UNDERSTANDING THE IMPACT OF OUR WORK WITH YOUNG WOMEN AND HOW TO MEASURE IT

You can’t improve what you can’t measure.

Anon

This guidance on measuring impact and developing monitoring and evaluation for African youth clubs has been written by African women leading youth projects in Kenya, South Africa and Nigeria. We want it to be a resource for other youth workers in Africa so that together we inspire and empower more girls and young women. 

In toolkit one we followed Chidi’s story as she set up a youth club for young women in her African neighbourhood, which reflects our experience working in towns and cities like Johannesburg, Nairobi, Lagos, Kilifi and Enugu. We saw her identify and overcome challenges so that her youth club thrived and truly benefited the girls she sought to serve. 

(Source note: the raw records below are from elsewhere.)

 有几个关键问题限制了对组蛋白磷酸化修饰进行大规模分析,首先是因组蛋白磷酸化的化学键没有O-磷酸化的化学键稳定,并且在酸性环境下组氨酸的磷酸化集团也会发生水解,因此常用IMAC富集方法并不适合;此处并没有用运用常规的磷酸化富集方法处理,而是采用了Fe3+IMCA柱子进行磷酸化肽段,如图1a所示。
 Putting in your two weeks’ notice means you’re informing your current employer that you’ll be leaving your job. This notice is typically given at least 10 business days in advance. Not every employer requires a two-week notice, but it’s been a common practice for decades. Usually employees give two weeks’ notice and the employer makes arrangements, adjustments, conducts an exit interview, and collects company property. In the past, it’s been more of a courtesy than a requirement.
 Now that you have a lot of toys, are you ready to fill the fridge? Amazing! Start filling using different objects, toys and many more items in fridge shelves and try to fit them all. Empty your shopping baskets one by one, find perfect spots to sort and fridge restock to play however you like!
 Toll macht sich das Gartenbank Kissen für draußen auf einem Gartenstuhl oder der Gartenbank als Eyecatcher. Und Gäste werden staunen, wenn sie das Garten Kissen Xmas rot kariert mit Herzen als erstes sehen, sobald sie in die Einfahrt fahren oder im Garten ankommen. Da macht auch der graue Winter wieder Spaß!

We saw Chidi facing setbacks and getting exhausted as she struggled against the odds to keep her project alive like many African female youth workers. 

Often, when we are working hard and struggling just to do the essential things to keep our youth projects going, we think that measuring impact is a waste of our precious time. Why bother? We know our youth project is effective. We see the results in the young women we work with. We are doing our best and have no more energy to give.

It seems counter-intuitive, but this is when you most need to demonstrate your impact, and evaluate your youth club, so that:

  • You can enthuse others by showing the importance and effectiveness of your youth work, recruiting volunteers and donors.
  • You can keep yourself and your existing team of youth workers motivated, by seeing that all your hard work and sacrifices have been worthwhile.
  • You can see areas where you can improve, or become more efficient, so that you can use your resources (including your own energies) more effectively, focus on what is working well, and stop doing things that are not.

We shouldn’t be obsessed with measuring for the sake of it. Good monitoring and evaluation of our projects allow us to:

  • Plan our achievements, including improving them (plan and grow)
  • Monitor and evaluate our achievements and failures (know)
  • Communicate our achievements and failures (show)

So we are going to spend some more time with Chidi and look at how she can demonstrate the impact of her project so that it can go from strength to strength. We will look at tools for measuring and showcasing our impact, as women leading youth organisations in countries like Kenya, South Africa and Nigeria, as well as thinking about the different people who need to see this. In each section, you will find questions that you can reflect on alone or with others involved in your project, so that you can have renewed confidence in your work with young people and know how to make your work truly sustainable.